**Aim of the task**. Would you output the lines from the one with "The countdown is" through the last line of the material below, exactly, but without pictures?

=== Dataset content ===

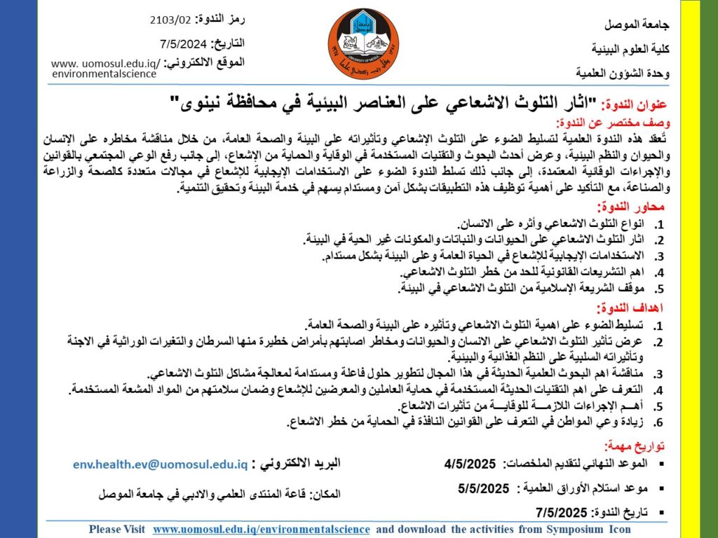 برعاية الأستاذ الدكتور وحيد محمود الابراهيمي رئيس جامعة الموصل واشراف السيد عميد كلية العلوم البيئية الأستاذ الدكتور مثنى جاسم محمد الطائي، اقامت كلية العلوم البيئية/ قسم علوم البيئة بالتعاون مع وحدة التعليم المستمر ورشة علمية بعنوان “الفساد الاداري وتأثيره على المؤسسة التعليمية” يوم الاثنين الموافق ٢٨ نيسان ٢٠٢٥، القاها المدرس المساعد سنا ربيع.
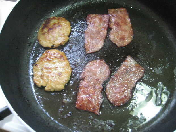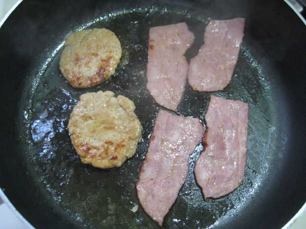 3. salchicha está totalmente cocinada por un lado, voltear y añadir el bacon a la sartén.
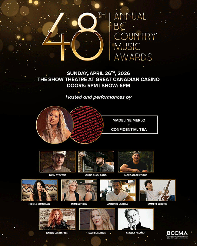 The countdown is on! Join us for an unforgettable evening celebrating the incredible talent and community that make up BC’s thriving country music scene.
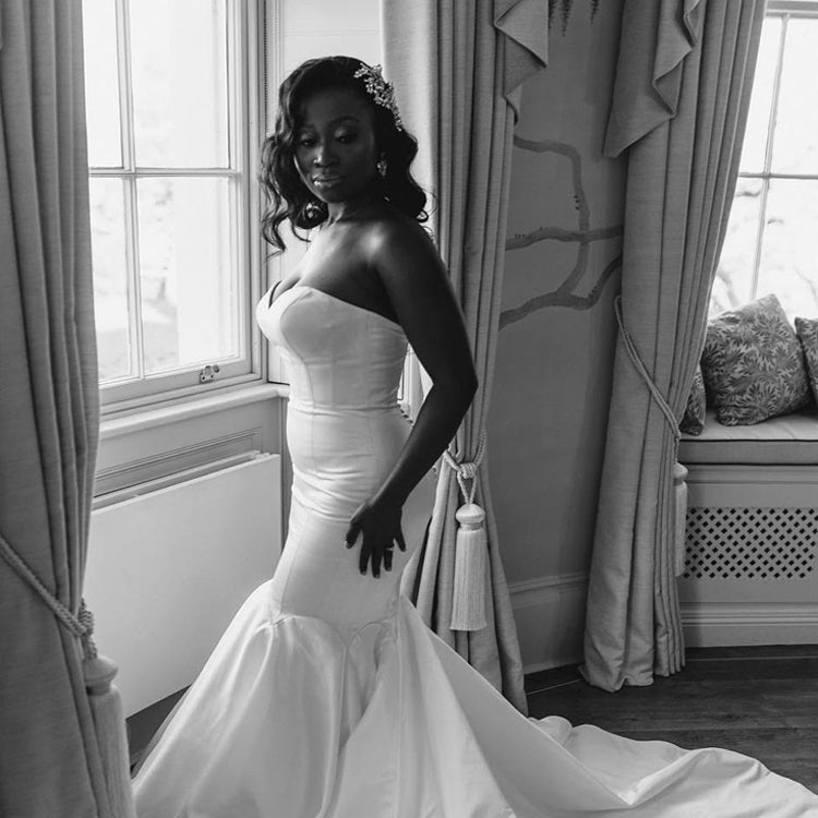 Magdalene looks gorgeous in her custom made satin wedding dress.
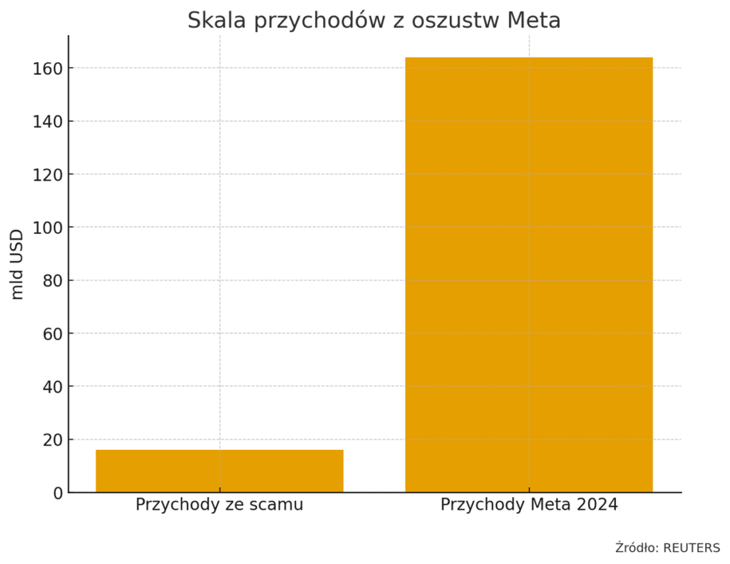 Z drugiej strony widać presję regulacyjną: według materiałów Meta liczy się z karami do 1 mld USD, a w Wielkiej Brytanii regulator wskazał, że produkty Meta były powiązane z 54% strat w scamach płatniczych w 2023 r. Firma miała też wewnętrznie przyznawać, że łatwiej reklamować scam na Meta niż w Google.
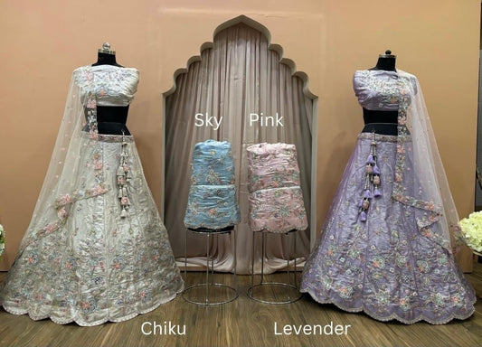 Designer Embroidered Silk Lehenga Choli - D.No 5056 | 5 Colour Options
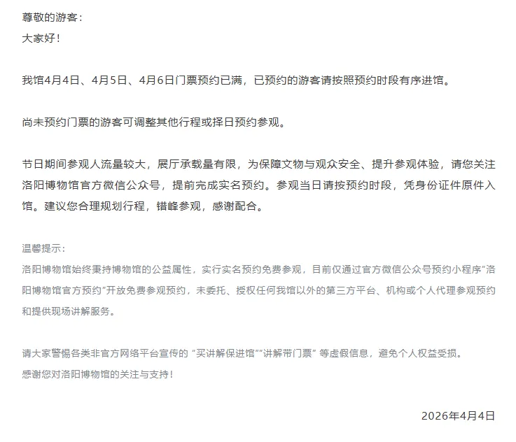 河南洛阳博物馆、白马寺景区等发文提醒,4月5日—6日门票预约已满。老君山景区发布公告称,4月5日预约售票数量已达上限。
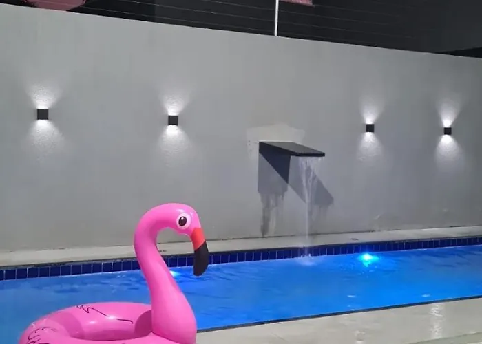 Esta casa de vacaciones incluye una cocina bien equipada, además de un comedor al aire libre para que los huéspedes puedan cocinar por sí mismos. En la cocina también hay nevera y una tostadora. Los huéspedes pueden cenar en el restaurante Formula 1, situado a tan solo 1 km. Para relajarse tras un día ajetreado, la Villa Casa Riso Dourado ofrece a sus huéspedes una piscina privada, así como una piscina de inmersión.
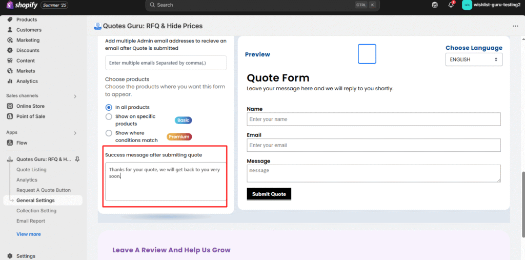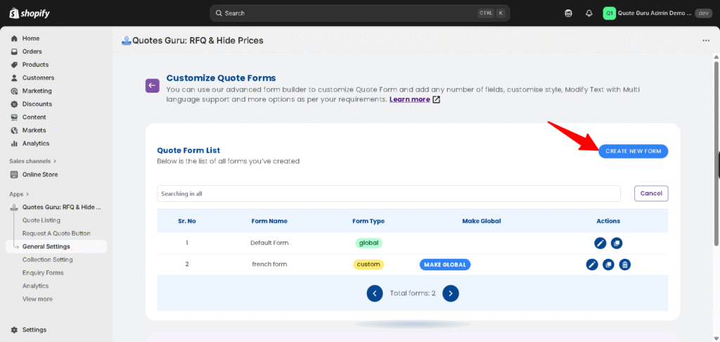 The Multiple Forms feature in the Quotes Guru app enables merchants to create and assign different quote request forms to products based on specific requirements. This feature is available starting from the Pro Plan and is ideal for stores that need to collect unique data for different types of products.

===

**Answer**.
 The countdown is on! Join us for an unforgettable evening celebrating the incredible talent and community that make up BC’s thriving country music scene.
 Magdalene looks gorgeous in her custom made satin wedding dress.
 Z drugiej strony widać presję regulacyjną: według materiałów Meta liczy się z karami do 1 mld USD, a w Wielkiej Brytanii regulator wskazał, że produkty Meta były powiązane z 54% strat w scamach płatniczych w 2023 r. Firma miała też wewnętrznie przyznawać, że łatwiej reklamować scam na Meta niż w Google.
 Designer Embroidered Silk Lehenga Choli - D.No 5056 | 5 Colour Options
 河南洛阳博物馆、白马寺景区等发文提醒,4月5日—6日门票预约已满。老君山景区发布公告称,4月5日预约售票数量已达上限。
 Esta casa de vacaciones incluye una cocina bien equipada, además de un comedor al aire libre para que los huéspedes puedan cocinar por sí mismos. En la cocina también hay nevera y una tostadora. Los huéspedes pueden cenar en el restaurante Formula 1, situado a tan solo 1 km. Para relajarse tras un día ajetreado, la Villa Casa Riso Dourado ofrece a sus huéspedes una piscina privada, así como una piscina de inmersión.
 The Multiple Forms feature in the Quotes Guru app enables merchants to create and assign different quote request forms to products based on specific requirements. This feature is available starting from the Pro Plan and is ideal for stores that need to collect unique data for different types of products.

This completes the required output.